🤖 AI Summary
To address low resource utilization and poor scalability in GPU cluster scheduling for deep learning training, this paper proposes a novel job placement strategy based on graph matching. The method unifies multidimensional scheduling constraints—including topology awareness, GPU memory limits, migration overhead, and task packing density—into a weighted bipartite graph matching formulation. A lightweight distributed solver framework is designed to maintain high scheduling quality while significantly improving scalability. Experiments against state-of-the-art schedulers (e.g., Gandiva, Tiresias) show that our approach reduces average job completion time by 1.62× and total execution span by 1.15×; moreover, scheduling latency scales nearly linearly with cluster size.

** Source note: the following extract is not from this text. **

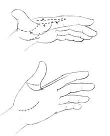 The flap is taken from the radial side of the index finger. It is proximally based at the distal edge of the thumb-index web. The flap is made as wide as possible, but still small enough to close with the excessive skin on the palmar side of the index finger. The flap is rotated around the tightest part of the thumb to the metacarpophalangeal joint of the thumb, allowing for a larger range of motion.[52]

The key contribution lies in the first systematic modeling of fine-grained, co-dependent resource constraints as an efficiently solvable graph matching problem—achieving a balanced trade-off among performance, scalability, and practical deployability.
📝 Abstract
Training deep learning (DL) models has become a dominant workload in data-centers and improving resource utilization is a key goal of DL cluster schedulers. In order to do this, schedulers typically incorporate placement policies that govern where jobs are placed on the cluster. Existing placement policies are either designed as ad-hoc heuristics or incorporated as constraints within a complex optimization problem and thus either suffer from suboptimal performance or poor scalability. Our key insight is that many placement constraints can be formulated as graph matching problems and based on that we design novel placement policies for minimizing job migration overheads and job packing. We integrate these policies into Tesserae and describe how our design leads to a scalable and effective GPU cluster scheduler. Our experimental results show that Tesserae improves average JCT by up to 1.62x and the Makespan by up to 1.15x compared with the existing schedulers.